卓上彼氏


やっぱり。




バイブを発動した張本人はヨクだった。





「ありがとう、どうやって切り抜けたらいいかわかんなかった…!」



私が感謝の言葉を述べると、




「そうじゃないよ、助けるために呼んだんじゃないんだ」





と、いつもより真剣な表情で彼は答えた。





「クリスマス、行っていいよ、俺のことは気にしないで」





「え……?」





まさか彼がそんなことを言うとは思わなかったから、唖然としてしまった。





ヨクの表情は、しぶしぶ、とか嫌々、という感じではなく、なんとも読めない雰囲気だった。

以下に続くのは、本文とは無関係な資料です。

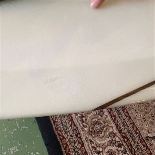 デッキには多少のフットマークがあり、レール、ボトムにリペア痕がありますが浸水の心配はありません。フィンは若干の擦れがありますが捻じれはありません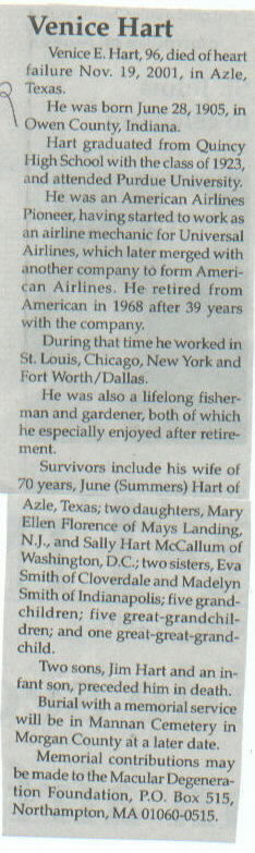 | Other | Age 96. Two sons, Jim Hart and an infant son, preceded him in death. |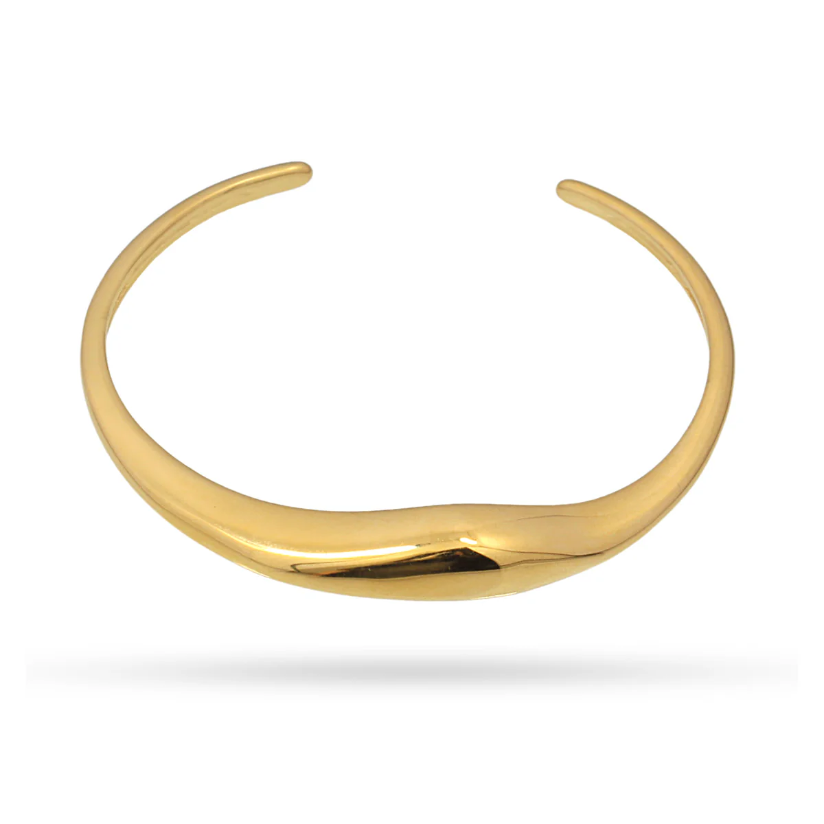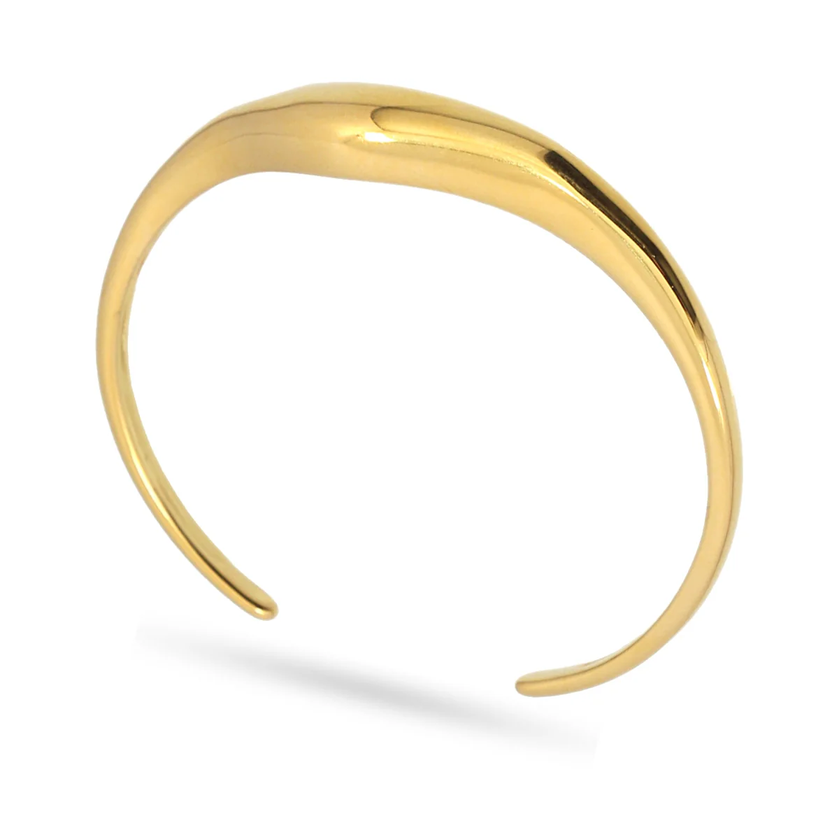 Made from surgical steel, its organic, rigid bracelet design is perfect for layering with other jewelry, such as pearls or colored stones.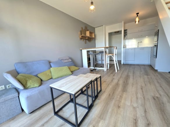 Appartement T2 bis en duplex de 61 m2 utiles dont 53.57 m2 en loi Carrez, situé proche du parc de la Chataigneraie et des plages. Situé au 1er et dernier étage, il vous offre une entrée avec placard de rangement, 1 wc visiteur, une cuisine équipée, un séjour / salon qui s’ouvrent sur la petite terrasse. Au 1er étage, l’espace nuit est composé d’une grande mezzanine de 10 m2 qui peut être aménagée facilement en une chambre, une salle de bains et une chambre de 17 m2 avec grand placard double aménagé. Une place de stationnement privée est attachée à l’appartement dans l’enceinte de la résidence qui est sécurisée par un portail motorisé. Cet appartement a subi des travaux de rénovation, ce qui le rend moderne, confortable et lumineux. Le syndic est semi-bénévole, un atout pour les faibles charges de copropriété. Idéale pour un 1er achat ou pour un investissement locatif. N’hésitez à me contacter pour organiser une visite.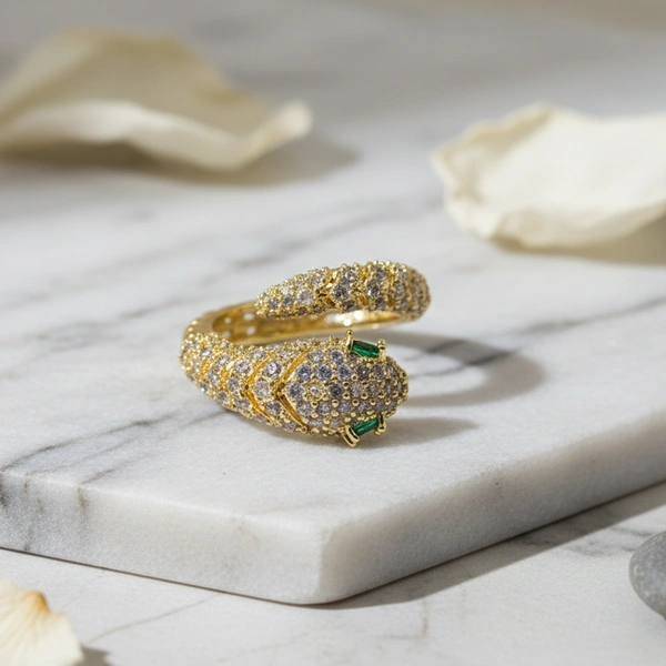 Make a bold, edgy statement with this adjustable serpent wrap ring, designed to coil elegantly around your finger. Encrusted with brilliant-cut micro-crystals and featuring striking green stone eyes, this piece brings a touch of fierce luxury to any look.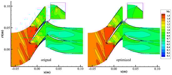The stator blade camber is increased over the whole chord. This reduces the local incidence, leading to reduced profile loss. The reduced incidence also reduces the supersonic patch and associated aerodynamic loss on the blade suction side as shown in the close-up of Figure 19. Figure 21 compares the radial distributions of the stator aerodynamic parameters-total pressure ratio, inlet, and outlet flow angle ( and ), calculated across the stator only. The total pressure ratio is greatly increased from the hub to the 60% span and slightly decreased from the 60% span to the 80% span. Overall, the total pressure ratio increases for the optimized blade profiles. The inlet flow angle (absolute value) reduces from the 30% span to the 80% span. The reduced flow angle together with the increased blade inlet angle further reduces the incidence and profile loss. The outlet flow angle increases from the 10% span to the 70%, however, a slight increase can be observed from the 70% span to the 90% span. Around the hub and shroud, there is no visible difference between the original and optimized blade profiles.

「何言ってんの!?クリスマスはヨクと過ごすよっ…!」





「俺……俺のせいでみかみ束縛するの嫌だし。それに、もう少し現実の男子も見た方がみかみのためだよ」






ヨクは、いつもとは違った、消極的な笑いをした。




「ヨク…何……言ってんの…?やだ、変なこと言わないでよ」






「俺となら他の日にでもクリスマスデートできるでしょ?なら、あっち優先してあげなよ」






そういう問題じゃないよ、


そう言おうとした時、私はヨクの表情に気付かされた。




彼は、本気だった。




これまで見たことないくらい、真剣な顔をしていた。




──────…これは、私がどうこう言っても変えられることじゃない。ヨクの中で決まった、変更不可なことなんだ。





『なんで?』とか、『どうして?』とか追及しても、なんだか私が惨めになるだけのような気がした。




これ以上何か言ってもダメだと思い、私は心を決めた。